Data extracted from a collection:
◆ ◆ ◆ ◆ ◆

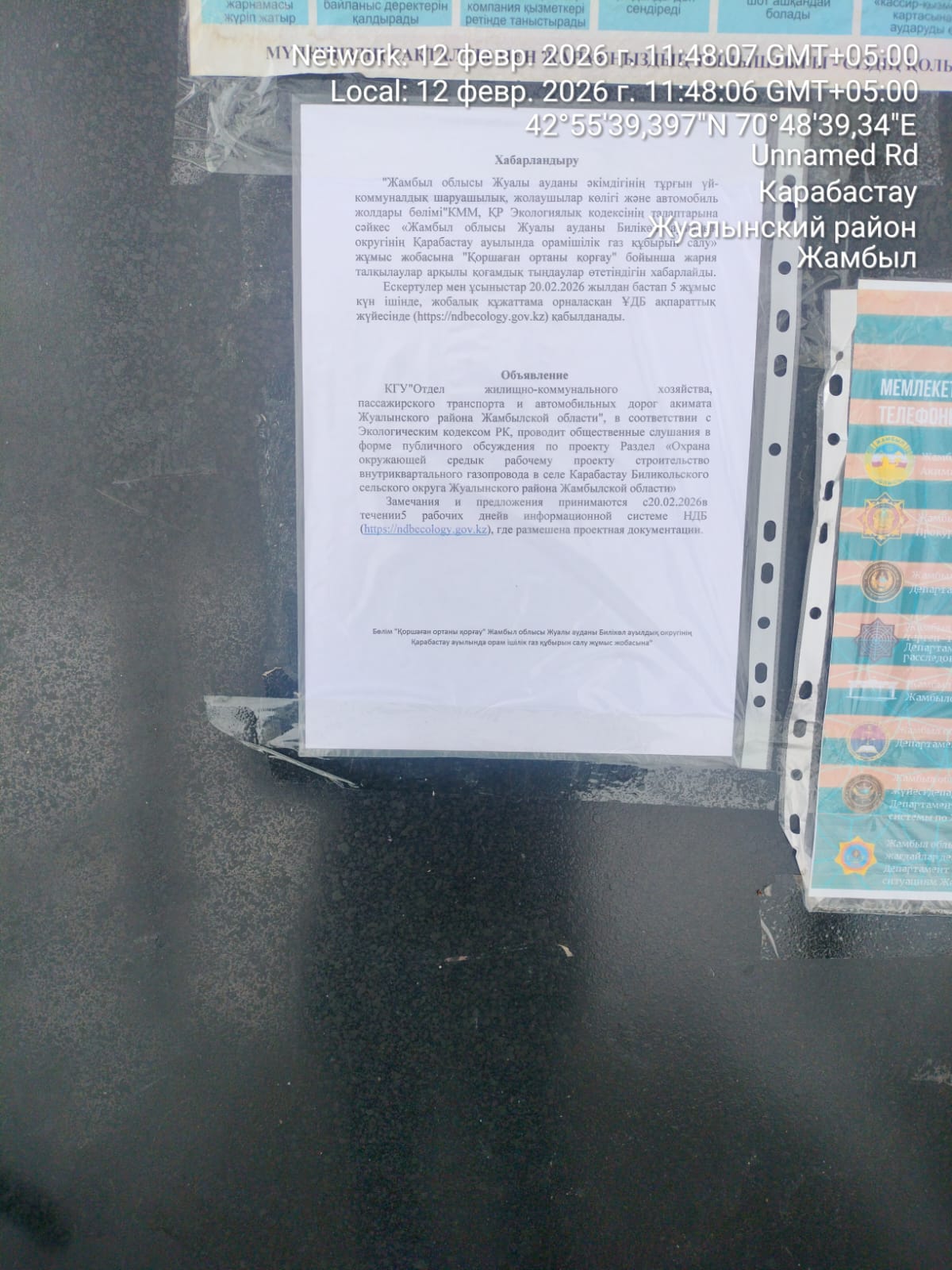 По проекту: РАЗДЕЛ «ОХРАНА ОКРУЖАЮЩЕЙ СРЕДЫ» К РАБОЧЕМУ ПРОЕКТУ СТРОИТЕЛЬСТВО ВНУТРИКВАРТАЛЬНОГО ГАЗОПРОВОДА В СЕЛЕ КАРАБАСТАУ БИЛИКОЛЬСКОГО СЕЛЬСКОГО ОКРУГА ЖУАЛЫНСКОГО РАЙОНА ЖАМБЫЛСКОЙ ОБЛАСТИ»
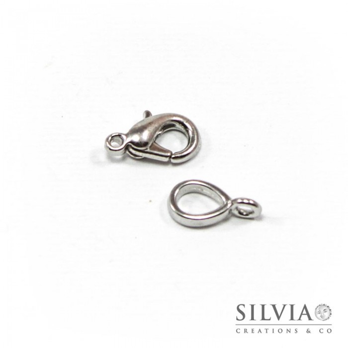Chiusura a moschettone e contromaglia color rodio in zama da
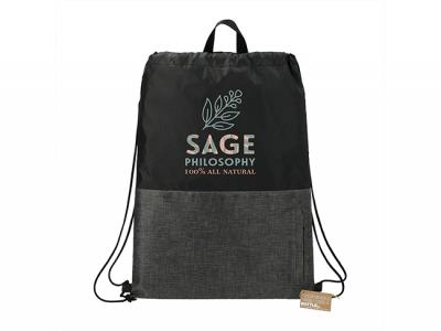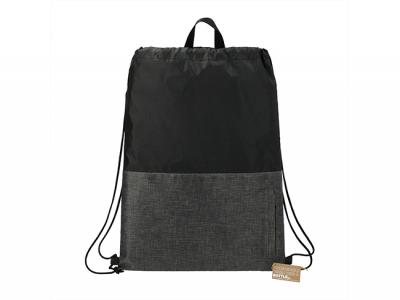 These custom printed recycled drawstring bags feature a cinch closure with a vertical zippered front pocket. They are eco friendly and made from recycled water bottles.
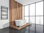 Zdjęcie "Narożnik stylowej łazienki z szarymi i drewnianymi ścianami i podłogą, okna z rozmytym krajobrazem miejskim i wygodnym podwójnym zlewem. 3d renderowanie" może być wykorzystywane do celów osobistych i komercyjnych zgodnie z warunkami zakupionej licencji Royalty-free. Obraz jest dostępny do pobrania w jakości wysokiej rozdzielczości do 5760x3840.
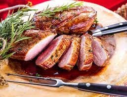 Ćwiartka kaczki, kluski śląskie, modra kapusta -
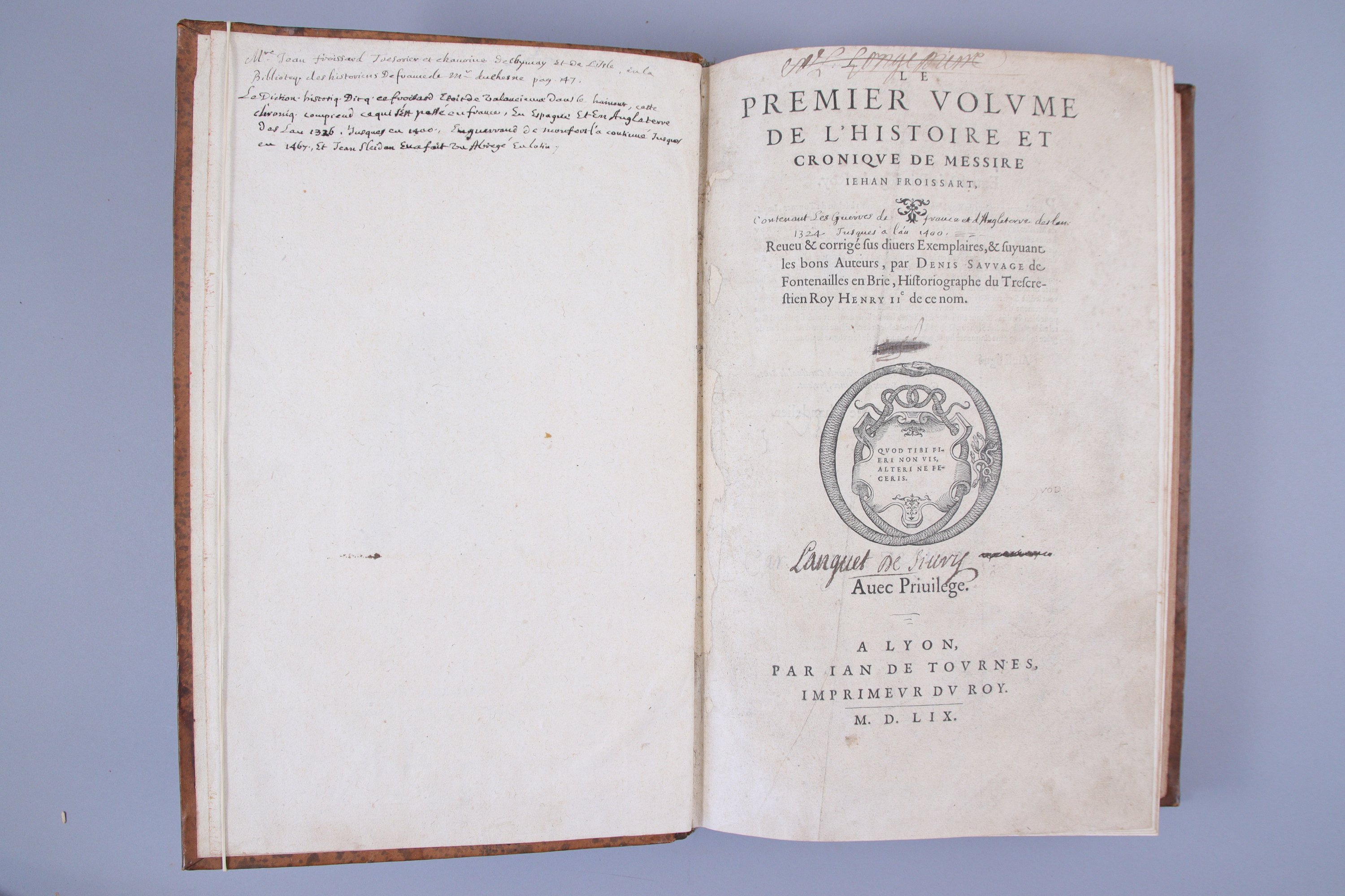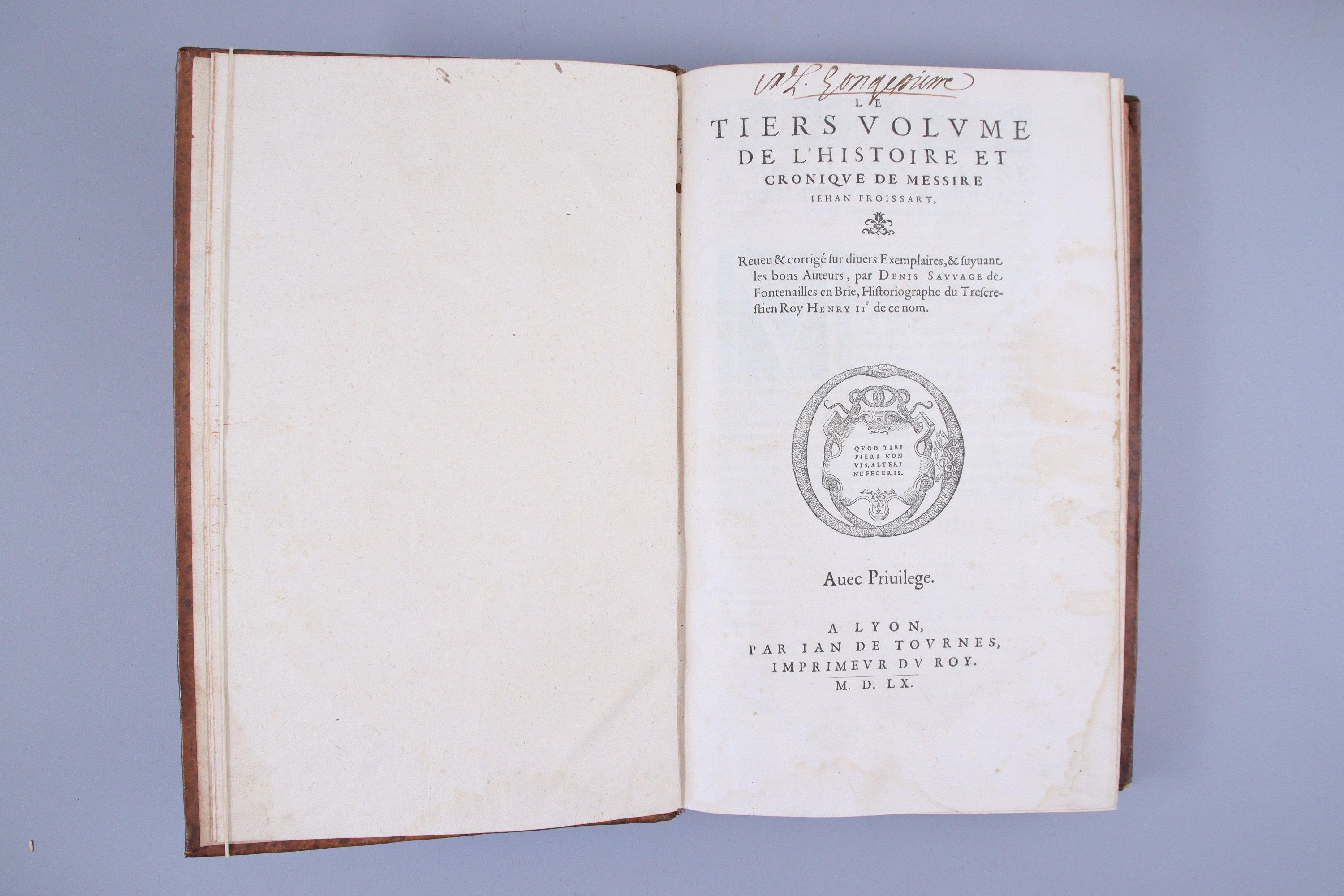 Premier (second, tiers et quart) volume de l'histoire et cronique de Messire Jehan Froissart. Reveu, et corrigé sur divers exemplaires et suyvant les bons auteurs, par Denis Sauvage de Fontenailles en Brie, historiographe du Treschrestien Henri II de ce nom..
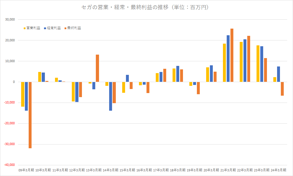 セガの2024年3月期(第66期)の決算は、売上高1866億5500万円(前の期比2.6%減)、営業利益23億4500万円(同86.7%減)、経常利益74億3800万円(同56.8%減)、最終損失66億5000万円(前の期114億8800万円の利益計上)と大幅減益・最終赤字転落だった。
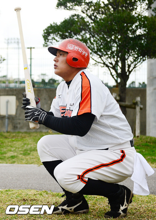 29일 일본 오키나와 고친다 구장에서 진행된 한화 이글스 2013 오키나와 전지훈련에서 김태균이 배트를 들고 오리걸음을 하고 있다.
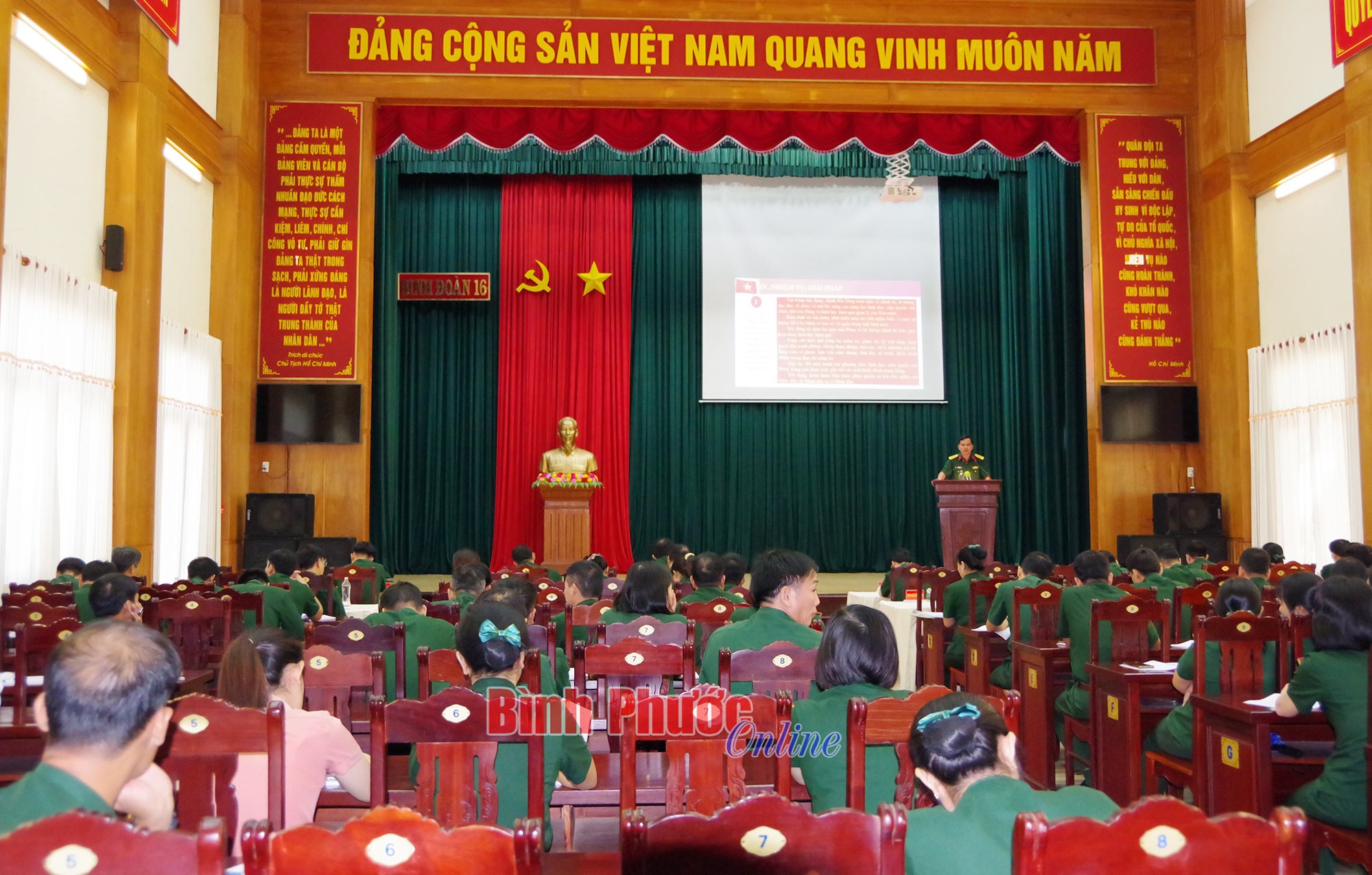 Thượng tá Trịnh Phạm Hòa, Chủ nhiệm Chính trị Binh đoàn 16 truyền đạt chuyên đề đến cán bộ, đảng viên
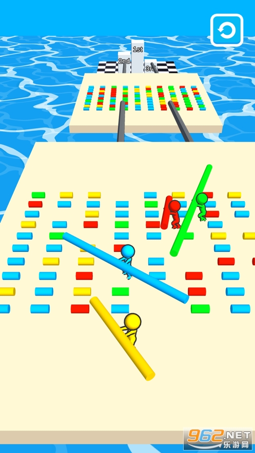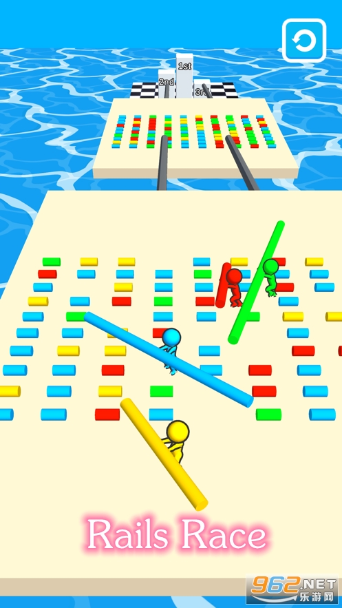 《Rails Race游戏》是一款非常独特的跑酷类的休闲游戏,只有收集足够长的木棍你才能够从板块与板块之间通过,和其他的角色进行比拼,以最快的速度收集各种圆柱体向着终点前进。感兴趣的话就快来下载吧!

◆ ◆ ◆ ◆ ◆

● Your goal: The answer must be an exact copy of the lines from the one that holds "rozdzielczości do 5760x3840." through the end of the data, both included, with no pictures.

● Task solution:
 Zdjęcie "Narożnik stylowej łazienki z szarymi i drewnianymi ścianami i podłogą, okna z rozmytym krajobrazem miejskim i wygodnym podwójnym zlewem. 3d renderowanie" może być wykorzystywane do celów osobistych i komercyjnych zgodnie z warunkami zakupionej licencji Royalty-free. Obraz jest dostępny do pobrania w jakości wysokiej rozdzielczości do 5760x3840.
 Ćwiartka kaczki, kluski śląskie, modra kapusta -
 Premier (second, tiers et quart) volume de l'histoire et cronique de Messire Jehan Froissart. Reveu, et corrigé sur divers exemplaires et suyvant les bons auteurs, par Denis Sauvage de Fontenailles en Brie, historiographe du Treschrestien Henri II de ce nom..
 セガの2024年3月期(第66期)の決算は、売上高1866億5500万円(前の期比2.6%減)、営業利益23億4500万円(同86.7%減)、経常利益74億3800万円(同56.8%減)、最終損失66億5000万円(前の期114億8800万円の利益計上)と大幅減益・最終赤字転落だった。
 29일 일본 오키나와 고친다 구장에서 진행된 한화 이글스 2013 오키나와 전지훈련에서 김태균이 배트를 들고 오리걸음을 하고 있다.
 Thượng tá Trịnh Phạm Hòa, Chủ nhiệm Chính trị Binh đoàn 16 truyền đạt chuyên đề đến cán bộ, đảng viên
 《Rails Race游戏》是一款非常独特的跑酷类的休闲游戏,只有收集足够长的木棍你才能够从板块与板块之间通过,和其他的角色进行比拼,以最快的速度收集各种圆柱体向着终点前进。感兴趣的话就快来下载吧!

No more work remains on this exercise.